W niektórych rejonach Polski w piątek napadało tyle deszczu, ile zazwyczaj przypada na cały miesiąc. Na Dolnym Śląsku spadło „tylko” 20–30 mm, a w górach pojawił się pierwszy śnieg.
Dzisiaj rano (sobota 4 listopada) przywitało nas błękitne niebo i przyjemne, nieco chłodne powietrze o temperaturze 11 stopni Celsjusza. Ale Jakub Gawron, meteorolog z Instytutu Meteorologii i Gospodarki Wodnej, ostrzega, że to nie potrwa długo.
Niedziela we Wrocławiu
W niedzielę oraz w nocy z niedzieli na poniedziałek powinniśmy być przygotowani na porywisty wiatr wiejący z prędkością 55–60 km/h.

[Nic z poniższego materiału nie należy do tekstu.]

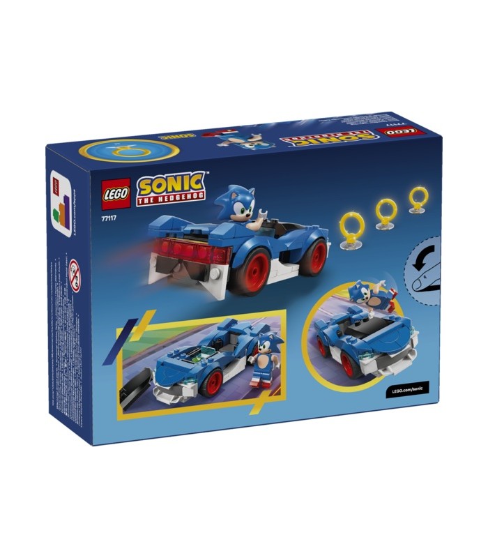 Fast-paced, race car adventures await kids ages 7 and up in this LEGO Sonic the Hedgehog Sonic: Speedster Lightning (77117) building toy set. Based on the Sonic Racing: CrossWorlds console video game, boys, girls and gaming fans can race around and collect the 3 Gold Rings with a Sonic minifigure with mischievous face decoration. The blue-and-white interactive toy vehicle in this LEGO gaming set features wide, red-rimmed tires and an opening hood that reveals a hidden Chaos Emerald gem. Thiscollectible Sonic gaming merch makes a fun birthday or anytime gamer gift. Add it to other LEGO Sonic the Hedgehog playsets in the range (all sold separately) to extend the action and adventures.
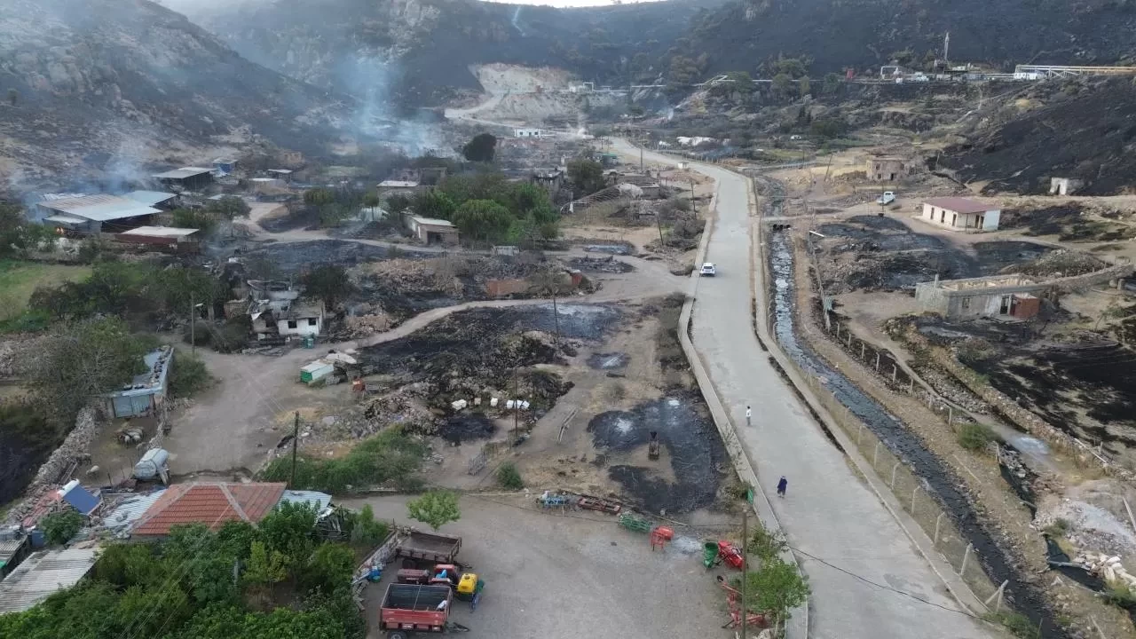 Öte yandan, yangından etkilenen ve içinde jeotermal santral ile tarihi Hüdavendigar Cami'nin bulunduğu Tuzla köyü dron ile havadan görüntülendi.

Nie jest to pogoda zasługująca na ostrzeżenia, wszystko jest w normie. Jedyne na co warto zwrócić uwagę, to odczuwalna temperatura, która będzie niższa, niż wskazują termometry.Jakub Gawron, meteorolog z Instytutu Meteorologii i Gospodarki Wodnej
A ile wskażą wrocławskie termometry? W niedzielę i poniedziałek 13–14 stopni Celsjusza.
Będzie też padało, ale umiarkowanie.
Niedziela na Pogórzu Sudeckim i w Sudetach
Również na Dolnym Śląsku pogoda będzie się zmieniała. W niedzielę i poniedziałek wiatr na Pogórzu Sudeckim osiągnie prędkość 65 km/h. W Sudetach jednak z obecnych 90 km/h wiatr zwiększy moc najpierw do 100 km/h (w nocy z soboty na niedzielę), a później nawet do 120 km/h (w nocy z niedzieli na poniedziałek).
Czekają nas opady. W niedzielę deszcz, a z niedzieli na poniedziałek deszcz ze śniegiem i śnieg.
Temperatura nieco powyżej 0 stopni Celsjusza.